Assigned task:
Print out every line of the material exactly. Include no pictures.

━━━━━ Dataset section ━━━━━

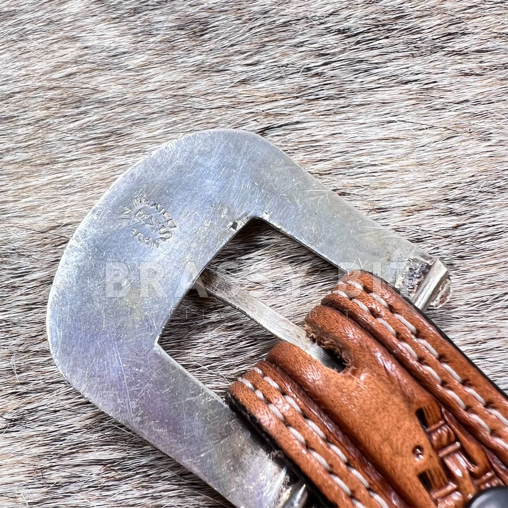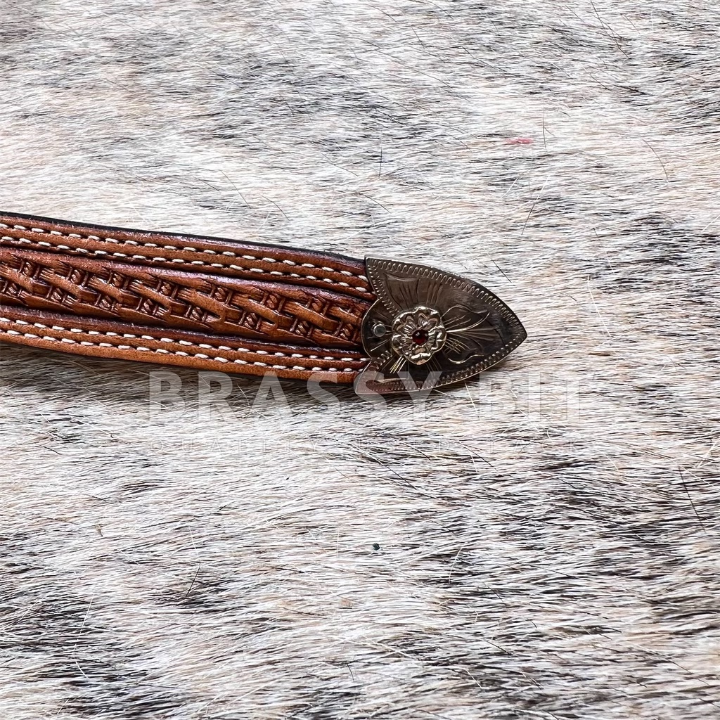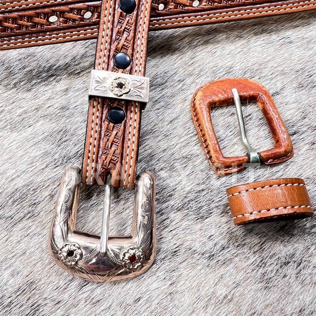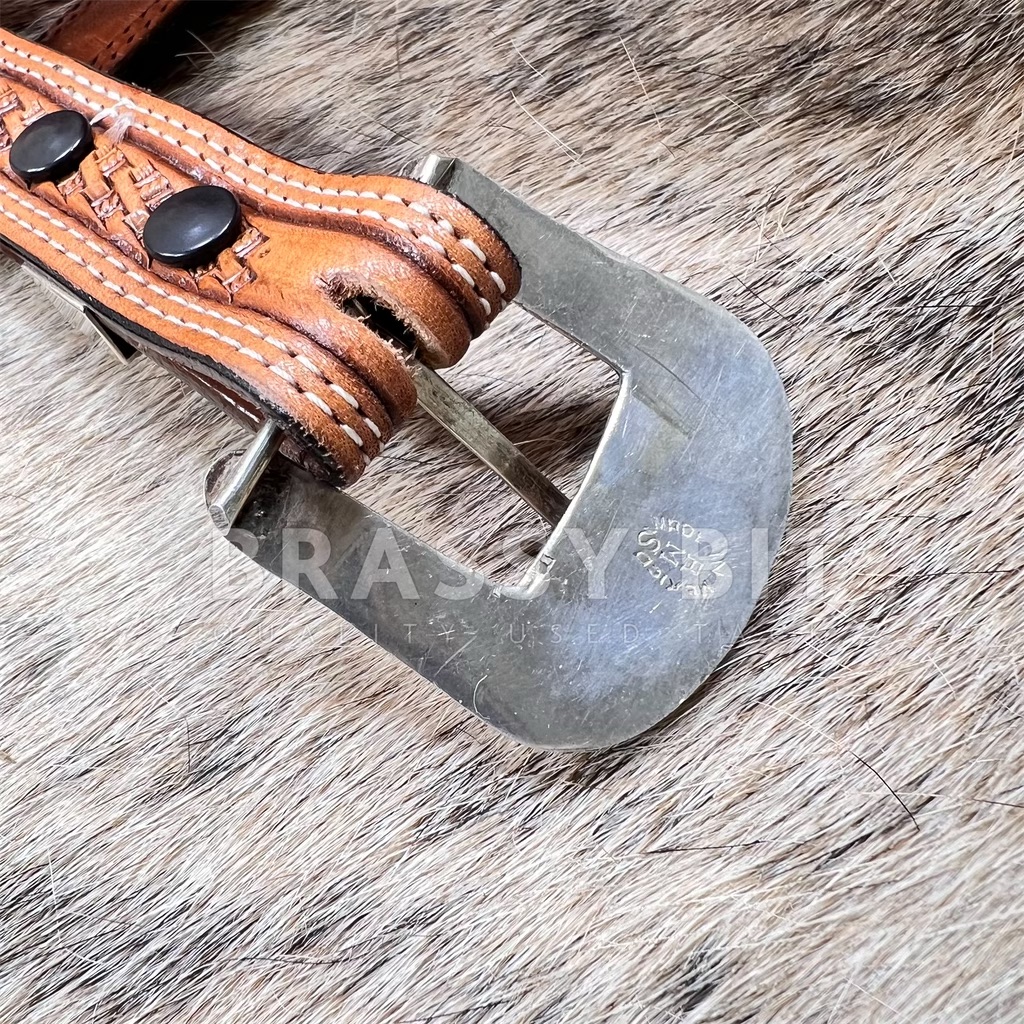 Here is a fantastic belt from Vogt! A house hold name even outside the equine community. The belt is in near pristine condition, medium oiled leather with basketweave tooling. Comes with the original leather wrapped buckle and leather keeper, currently with a stunning, vintage buckle set that is solid sterling silver with inlayed authentic rubies. The top of the buckle has a gold tone hue, giving it a really unique look. The buckle set is a vintage set (3 pc) but is in incredible condition. Belt Measurements: Marked 34″, total measurement without buckle 40″, with buckle 41 3/4″, holes at 33 1/2″-36 1/2″. 1 1/2″ wide, 15/16″ wide at buckle and tail end. Buckle will work for a belt up to 1″. Buckle is marked AMS Made in Mexico, Sterling. Really lovely set here!
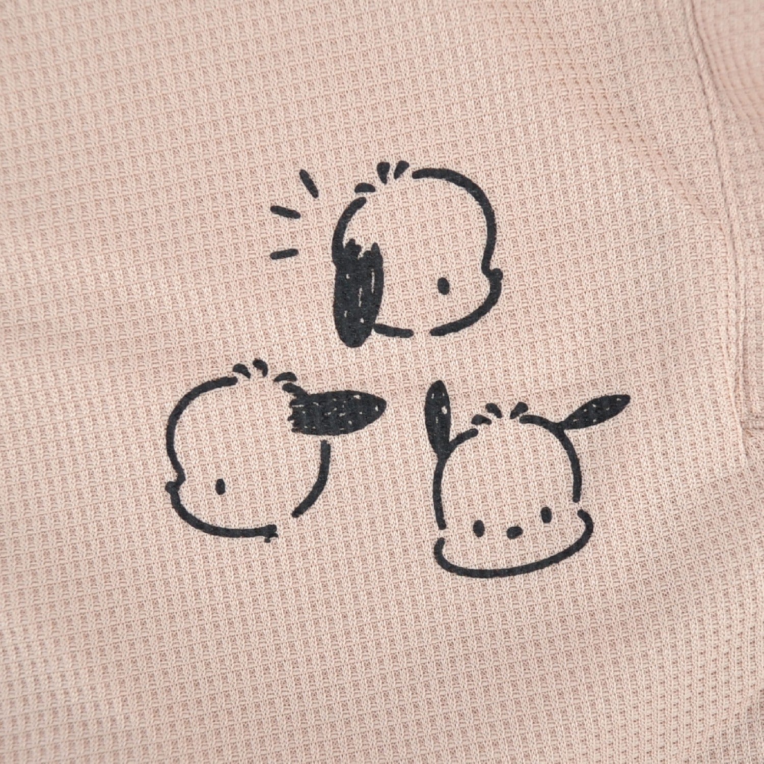 可愛いポチャッコがプリントされたTシャツとパンツと巾着がセットになっていてドライワッフル素材なので
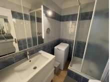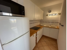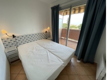 Idéal pour 1 couple et 2 enfants, il se compose d'une entrée desservant un coin nuit avec 2 lits superposés, un séjour avec canapé convertible et TV + climatisation, dans le renfoncement une cuisine avec un frigo à compartiment congélateur, une chambre avec un lit double et climatisation et un accès à la terrasse, une salle d'eau avec lave-linge et un WC indépendant.
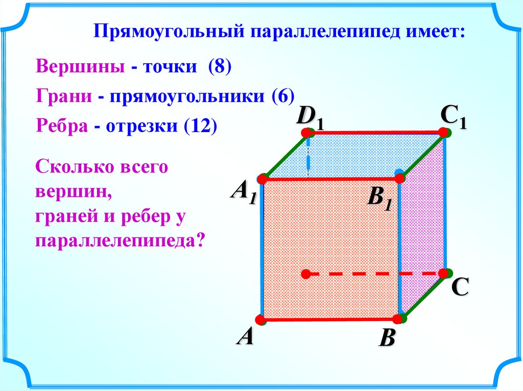 Прямоугольный параллелепипед имеет:Вершины - точки (8)

━━━━━

Finished exercise:
 Here is a fantastic belt from Vogt! A house hold name even outside the equine community. The belt is in near pristine condition, medium oiled leather with basketweave tooling. Comes with the original leather wrapped buckle and leather keeper, currently with a stunning, vintage buckle set that is solid sterling silver with inlayed authentic rubies. The top of the buckle has a gold tone hue, giving it a really unique look. The buckle set is a vintage set (3 pc) but is in incredible condition. Belt Measurements: Marked 34″, total measurement without buckle 40″, with buckle 41 3/4″, holes at 33 1/2″-36 1/2″. 1 1/2″ wide, 15/16″ wide at buckle and tail end. Buckle will work for a belt up to 1″. Buckle is marked AMS Made in Mexico, Sterling. Really lovely set here!
 可愛いポチャッコがプリントされたTシャツとパンツと巾着がセットになっていてドライワッフル素材なので
 Idéal pour 1 couple et 2 enfants, il se compose d'une entrée desservant un coin nuit avec 2 lits superposés, un séjour avec canapé convertible et TV + climatisation, dans le renfoncement une cuisine avec un frigo à compartiment congélateur, une chambre avec un lit double et climatisation et un accès à la terrasse, une salle d'eau avec lave-linge et un WC indépendant.
 Прямоугольный параллелепипед имеет:Вершины - точки (8)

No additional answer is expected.